Tile Museum (Karatay Medresisi)
This old madrassa (theological college) was founded in 1251 by the Seljuk emir Celaleddin Karatay. The building was recently restored and is now an impressive museum showcasing Seljuk enamel tile work. Although touring a tile museum may sound like a rather niche tourist attraction, the sheer beauty of the building makes this one of the top things to do on a Konya sightseeing itinerary. Its internal walls are covered in gorgeous examples of Seljuk tiling and there are also ceramic exhibits of excavated finds from nearby archaeological sites. In the left-hand room is the tomb of Celaleddin Karatay
Museum of Wooden and Stone Carving (Ince Minare Medrese)
The Ince Minareli Medrese (Seminary of the Slender Minaret) lost the minaret in its name when it was struck by lightning in 1905. The madrassa was built in 1260 for the Seljuk vizier Sahip Ata, and the design features richly-sculpted decoration on the portal. The building is now a museum, with a large collection of Seljuk-era wooden and stone sculptures that include animal reliefs (despite depictions of animals and humans being banned by Islamic law) from the old city walls.

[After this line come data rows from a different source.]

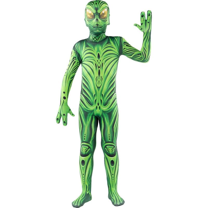 Disfarce de Monstro Extraterrestre para criança com fato completo e abertura nas costas. Disponível em 3 tamanhos. Confortável e divertido, perfeito para Carnaval ou festas temáticas.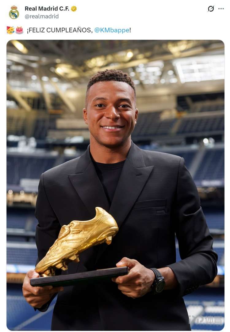 今天是姆巴佩的27歲生日,皇馬官方為他送上祝福?;蜀R官方社媒曬出姆巴佩手捧金靴獎杯的照片,配文:“生日快樂,姆巴佩!”
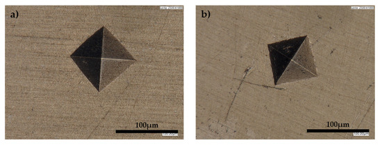 - ASTM. Standard Test Method for Microindentation Hardness of Materials. In ASTM Standard E384-17; ASTM International: West Conshohocken, PA, USA, 2017. [Google Scholar] [CrossRef]

Built on the site of Konya’s former citadel, this park, right in the city center, is the place where Konya locals come to promenade in the evening and sip tea in the gardens. At the foot of the incline up the hill, are the excavation site of Alaeddin Kaykobad’s palace and the remains of the old city wall. On top of the hill is the Alaeddin Camii, built in the 13th century. It was built as a pillared mosque according to Arabic design, with a wooden ceiling supported by 42 antique columns.
Konya Archaeological Museum
Most of Turkey’s archaeology museums have been jazzed up and modernized in the past decade, but not Konya’s museum. This is a dusty old place with poor lighting and information panels that may as well be obsolete. But don’t let that put you off, because the collection is excellent (and if you happen to like these relic museums with their treasure-hunt atmosphere, go now before it gets its much-needed facelift). There is a comprehensive display of finds from the nearby archaeological site of Çatalhöyük and a wonderful collection of intricately decorated Roman sarcophagi.
Standing in the square in front of the Mevlana Museum, this huge domed mosque, commissioned by Sultan Selim II and built between 1566 and 1574, marks the climax of Ottoman mosque architecture. Come to the square in the early evening to get photos of the mosque and Mevlana Museum behind as they are lit up against the dusk sky. Across the main road from the square are a series of outdoor cafés and restaurants, which are a great place to sit down and admire the view of minarets and domes while relaxing with a coffee or tea.
Inside Konya’s bustling bazaar neighborhood, the Aziziye Mosque is one for architecture fans. It was first built in 1676 by the Ottoman court adviser Mustafa Pasa and reconstructed again in 1867 after a fire. Because of this 19th-century restoration, the mosque’s architecture is heavily Baroque-inspired (the style most fashionable at the time), with twin minarets in Rococo style and a brightly painted interior with a Rococo prayer niche. This very European decorative style makes for an interesting contrast with traditional mosque design.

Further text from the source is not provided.